Attention-Enhanced Deep Learning With AI-Driven Decision Making For 5G Slice Classification And Resource Allocation In Environmental Monitoring Systems
DOI:
https://doi.org/10.64252/ncstx570Keywords:
5G slicing, resource allocation, environmental data, attention model, post-decision logic, multi-modal learning, non-linear analysis, real-time inferenceAbstract
An intelligent framework is proposed to enhance slice classification and resource allocation efficiency within 5G-enabled environmental monitoring environments. By integrating attention mechanisms with a lightweight classifier and a rule-guided post-decision layer, the system ensures high adaptability under multi-modal inputs, including service type, QoS constraints, and real-time environmental parameters.
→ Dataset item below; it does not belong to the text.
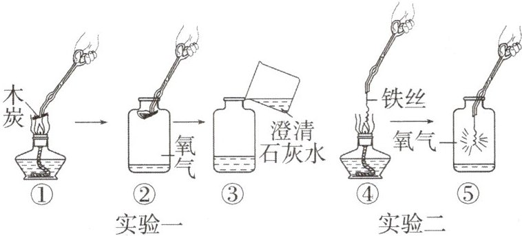 (1)不同 检验木炭燃烧是否生成二氧化碳 碳 + 氧气 $\xrightarrow{点燃}$ 二氧化碳
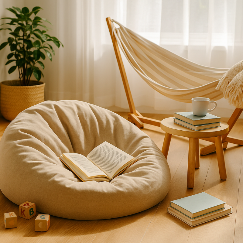 Make a cozy corner with a hammock, lawn chair, or even a stack of pillows or bean bag and your favorite book. Take shifts with your partner and actually rest while the kids are occupied.

Non-linear analysis modules contribute to refined predictions under fluctuating traffic and sensor conditions. Evaluation demonstrates strong accuracy across both slice and resource categories, achieving over 96.5% in all key metrics. Training–testing curves and confusion matrices validate learning consistency, while cross-dataset trials confirm generalizability. Compared to recent deep learning models, the framework shows superior precision and minimal divergence error. Major challenges addressed include input heterogeneity, dynamic policy shifts, and maintaining decision integrity under uncertainty. The overall design emphasizes scalability, minimal error propagation, and responsiveness, supporting intelligent 5G service adaptation in evolving environmental contexts.